Speaker:Now I know that's kind of like stereotyping, but in
Speaker:my experience fintech financial firms do
Speaker:tend to be very much aware of the cutting edge but they're very, also
Speaker:very risk adverse too. So it's always been this weird kind of
Speaker:mix of. I was always lucky because when I was at, when I was at
Speaker:Merrill Lynch I was on the special projects team and those, those guys got
Speaker:all the cool stuff. Right. So like
Speaker:everything but access to where the quants hung out. Like they, they had their
Speaker:own, they had their own floor and stuff like that. Yes, yes.
Speaker:But like folks like Merrill though are big enough that they can do
Speaker:development in house. And so, yeah, yeah. Merrill is one of those exceptions where
Speaker:they were big enough to kind of do their own thing.
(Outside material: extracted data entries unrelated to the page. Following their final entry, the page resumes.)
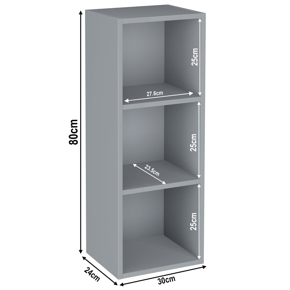 ![[3 Shelf | Grey] measurement of 3 tier grey slimline bookcases, height 80cm and width 30cm. Shelf dimensions: height 25cm and depth 23.5cm](http://dreamhomestore.co.uk/cdn/shop/files/grey-3-tier-bookcase-cube-storage-unit-size.webp?v=1750684476&width=1214)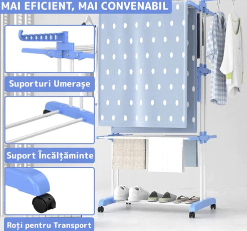 Mobil și Pliabil: Una dintre cele mai mari avantaje ale acestui uscător este portabilitatea sa. Poți să-l deplasezi cu ușurință în jurul casei sau să-l pliezi atunci când nu este în uz, ceea ce îl face potrivit pentru apartamente mici sau camere cu spațiu limitat.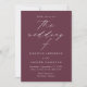 Minimalistische, moderne Hochzeitseinladung, die Ihre Hochzeitsdetails in einer schlichten, weißen Schrift mit "Hochzeit von" in einer eleganten Kalligraphie-Schrift zeigt. Der lila Hintergrund des Weins kann in eine Farbe Ihrer Wahl geändert werden. Entworfen, um mit unserer Hochzeitskollektion "Moderne Elegance" zu koordinieren.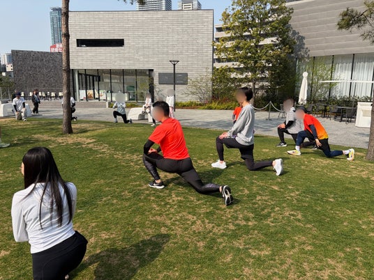 大阪福島ジムReTry_グラングリーン大阪で開催されたランニングイベント_準備運動としてストレッチしている様子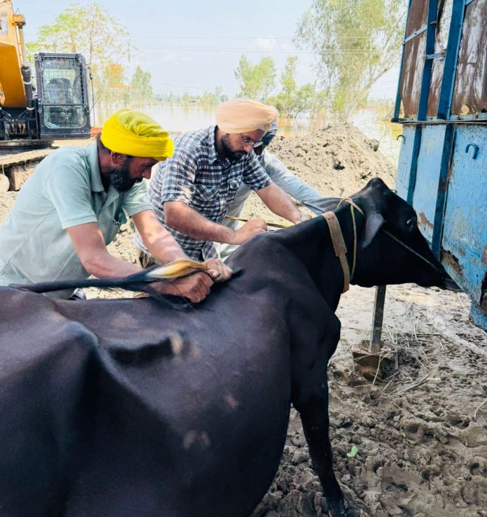 चंडीगढ़:पंजाब में आई बाढ़ के बाद कृषि अर्थव्यवस्था को बचाने के लिए प्रभावी और बड़े स्तर पर कार्रवाई करते हुए पंजाब सरकार ने मात्र एक सप्ताह में 1.75 लाख से अधिक पशुओं को गलघोटू बीमारी से बचाने हेतु सफलतापूर्वक टीकाकरण अभियान चलाया है। यह जानकारी साझा करते हुए पशुपालन, डेयरी विकास और मत्स्य पालन मंत्री श्री गुरमीत सिंह खुड्डियां ने बताया कि बाढ़ प्रभावित जिलों के 713 गांवों को कवर करते इस अभियान के पूर्ण होने से पशुओं को होने वाली संभावित बीमारियों से बचाने में बड़ी मदद मिलेगी।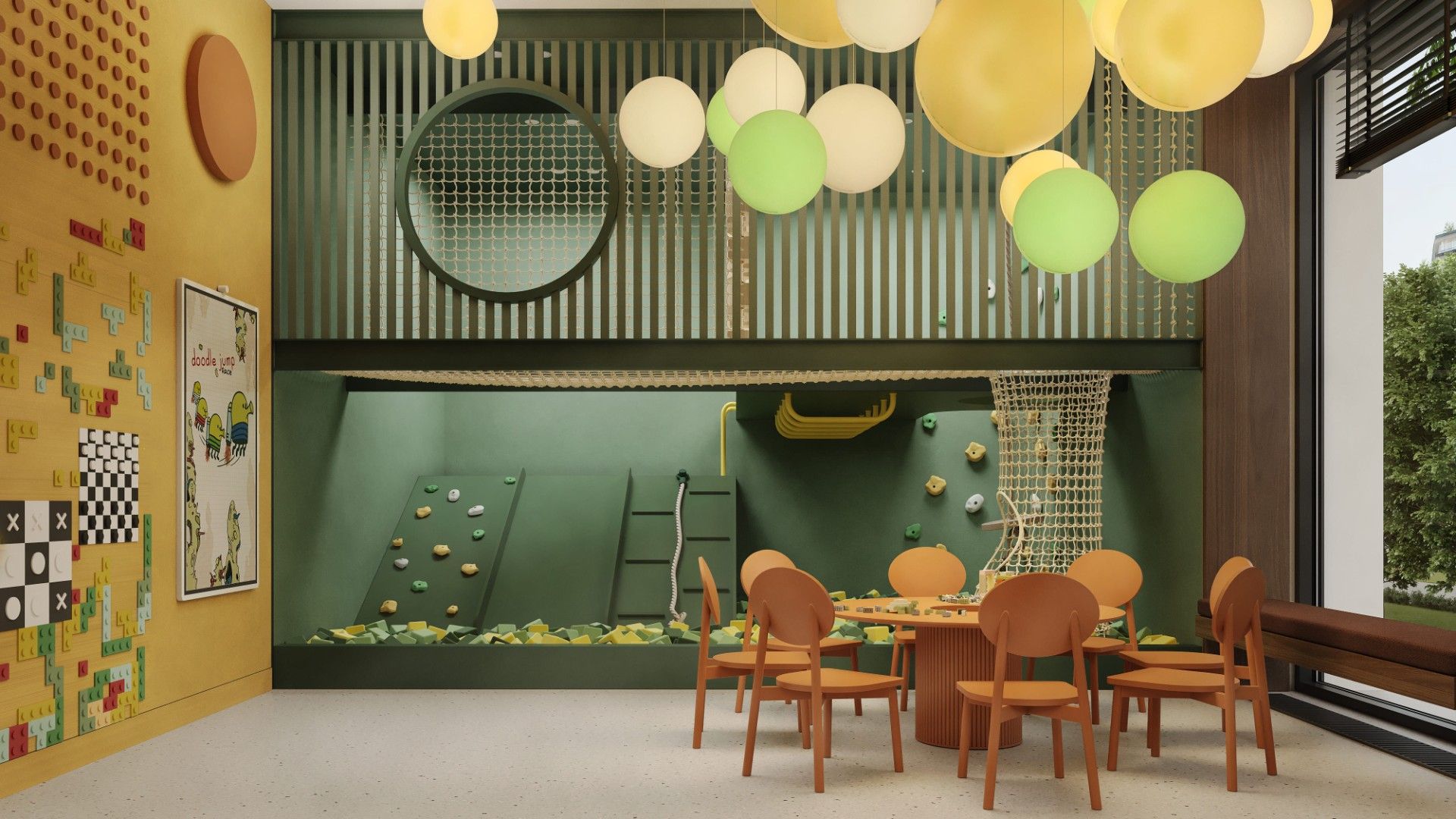 Территория полностью закрыта для автомобилей, создавая безопасную среду.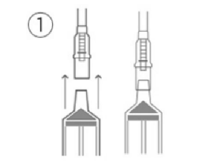 1、打開(kāi)包裝,用消毒紙巾進(jìn)行消毒后,推出配套注射器里的空氣,把注射器穩(wěn)固地插入理療器的開(kāi)口端。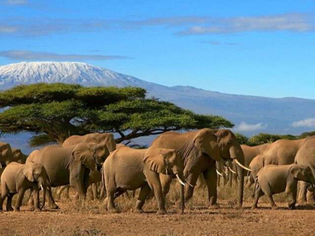 安波塞利國家公園(Amboseli Park)是非洲度假勝地之一,位于肯尼亞與坦桑尼亞交界地區,肯尼亞邊境,在這里可以清晰地看到海拔5895米的非洲第一高峰乞力馬扎羅山。接近赤道的乞力馬扎羅山頂終年覆蓋著積雪,山下莽原景色優美,安波塞利國家公園位于公園面積392平方公里,由于臨近云霧繚繞的非洲之巔——乞力馬扎羅山,吸引著一批批前來觀光的游客。安波塞利就是“干涸的湖”的意思。

And I know now
Speaker:they're owned by B of A, which I can't
Speaker:imagine that was. That was a. That was cold
Speaker:water in the face when that happened. But. But, yeah. So cool. I'm
Speaker:excited about this. I always have a start. I started my career in.
Speaker:In finance. I worked for a startup that was in Germany that was. We would
Speaker:call it a fintech company today. Sure. So there's always a soft
Speaker:spot in my heart for this. And anytime you want to come back in the
Speaker:show and you want to show something off, just. Just let me know. Sounds great.
Speaker:Cool. Awesome. And we'll let the outro music play.